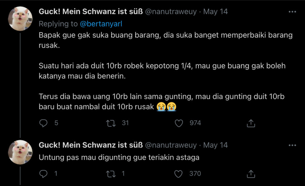 Yang Penting Heppiii. Selain wibawanya yang tinggi dan jokesnya yang sungguh garing, bapak-bapak juga terkenal sering banget melakukan hal-hal di luar dugaan yang sama sekali nggak kepikiran. Sayangnya kelakuannya tersebut kebanyakan malu-maluin. Curhatan warga Twitter tentang kelakuan bapak mereka masing-masing berikut ini semakin membuktikan kalau bapak-bapak emang absurd banget.
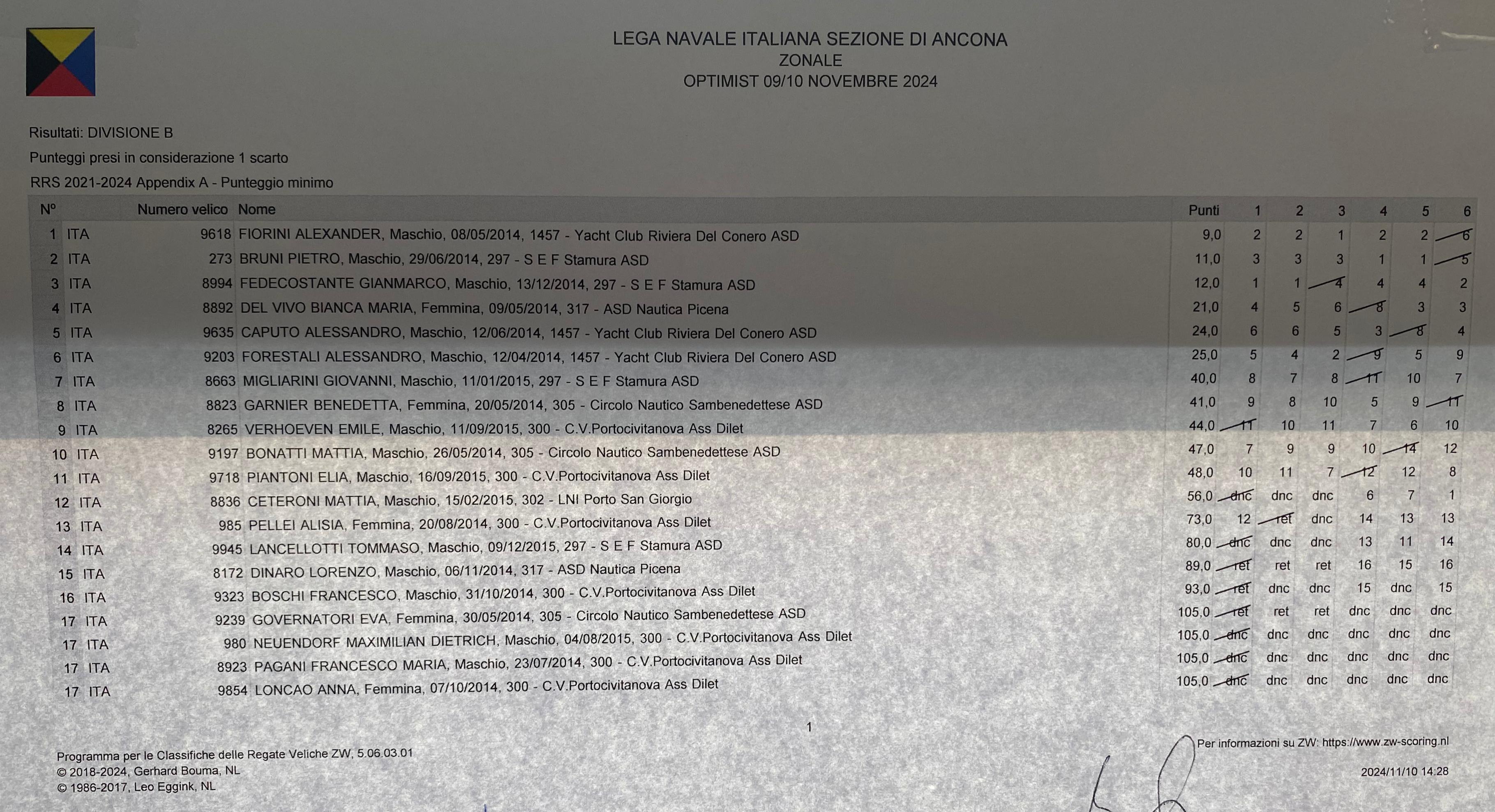 Nel fine settimana del 9 e 10 novembre 2024 si è svolta una regata zonale, classe optimist, circolo organizzatore i nostri "cugini" della L.N.I. di Ancona.
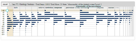 Notably, our interactions with the Entity Network Panel subview have updated the Path Explorer Panel subview. If the ontological distance between ontology entities is larger than one step, the Entity Network Panel subview shows us a simplified encoding of that extended routing. The Path Explorer Panel subview allows us to explore the complete ontology structure and content along a full inheritance path originating from the ontology section root all the way to the current position. We see that whenever we interact with the current entity, this subview will depict the full ontology from that entity relative up to the top level. This can be seen in Figure 32, when we chose “Abnormal Appendicular Skeleton Morphology” as our ontology entity of interest. Just like in the earlier subview, we interact with each part of the subview to inspect, compare, and navigate through each to generate new encounters which promote cognitive map formation.
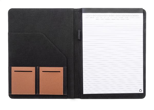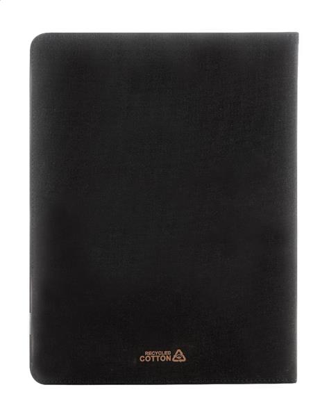 Teczka na dokumenty w formacie A4, wykonana z płótna z recyklingu i skóry PU z recyklingu, z wieloma kieszeniami z przodu i wewnątrz. Zawiera 20-kartkowy notatnik w linie z papieru z recyklingu. 70% bawełny z recyklingu i 30% poliestru RPET.
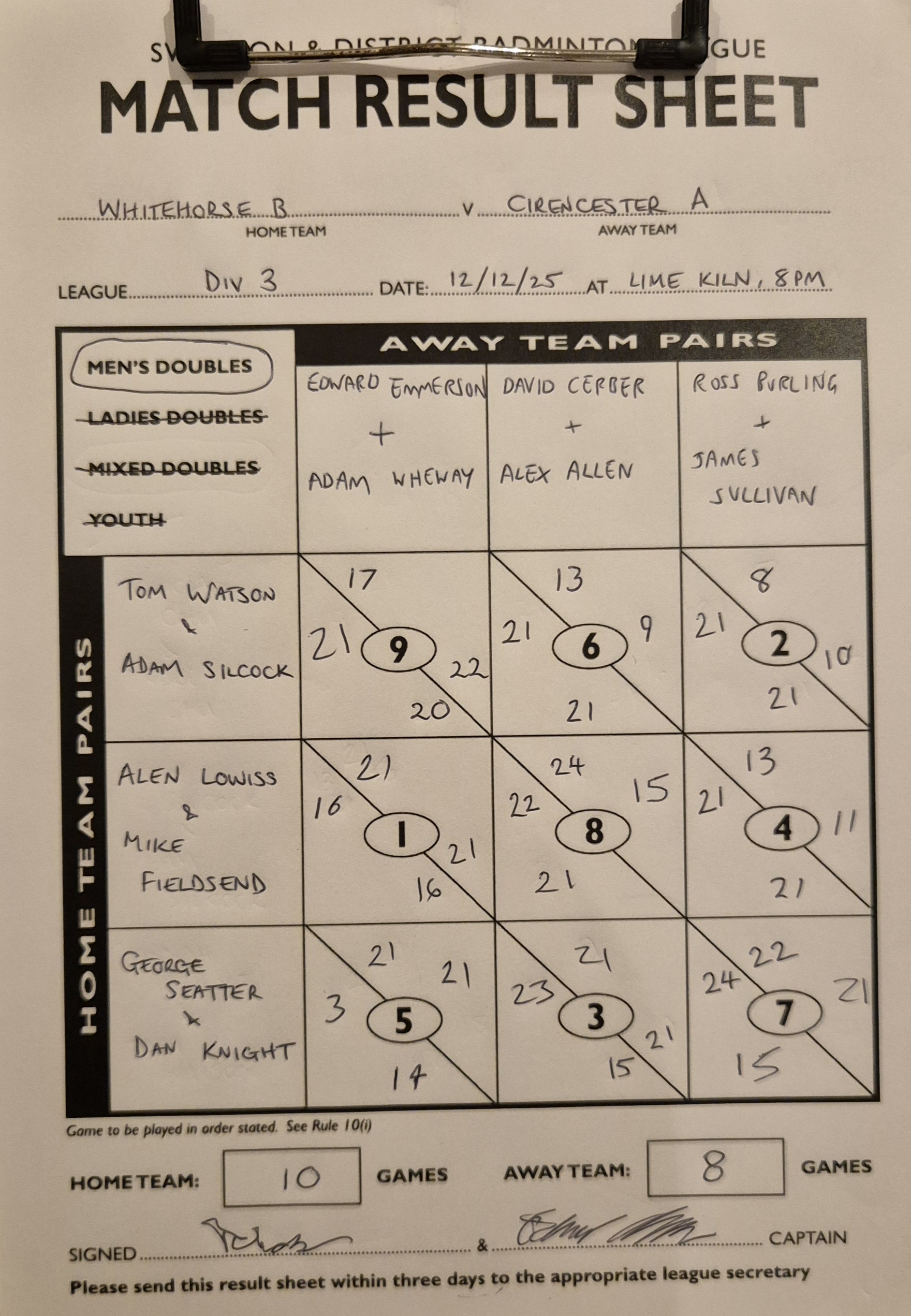 | 12-12-2025 | 20:00 | Friday | Whitehorse B | Cirencester A | Lime Kiln Leisure Centre, Royal Wootton Bassett, Swindon, SN4 7HG | 10 - 8 | |
§
Nothing but the lines from the one containing "Nel fine settimana" through the last line of the material may appear in the answer, transcribed exactly and with no pictures.

 Nel fine settimana del 9 e 10 novembre 2024 si è svolta una regata zonale, classe optimist, circolo organizzatore i nostri "cugini" della L.N.I. di Ancona.
 Notably, our interactions with the Entity Network Panel subview have updated the Path Explorer Panel subview. If the ontological distance between ontology entities is larger than one step, the Entity Network Panel subview shows us a simplified encoding of that extended routing. The Path Explorer Panel subview allows us to explore the complete ontology structure and content along a full inheritance path originating from the ontology section root all the way to the current position. We see that whenever we interact with the current entity, this subview will depict the full ontology from that entity relative up to the top level. This can be seen in Figure 32, when we chose “Abnormal Appendicular Skeleton Morphology” as our ontology entity of interest. Just like in the earlier subview, we interact with each part of the subview to inspect, compare, and navigate through each to generate new encounters which promote cognitive map formation.
 Teczka na dokumenty w formacie A4, wykonana z płótna z recyklingu i skóry PU z recyklingu, z wieloma kieszeniami z przodu i wewnątrz. Zawiera 20-kartkowy notatnik w linie z papieru z recyklingu. 70% bawełny z recyklingu i 30% poliestru RPET.
 | 12-12-2025 | 20:00 | Friday | Whitehorse B | Cirencester A | Lime Kiln Leisure Centre, Royal Wootton Bassett, Swindon, SN4 7HG | 10 - 8 | |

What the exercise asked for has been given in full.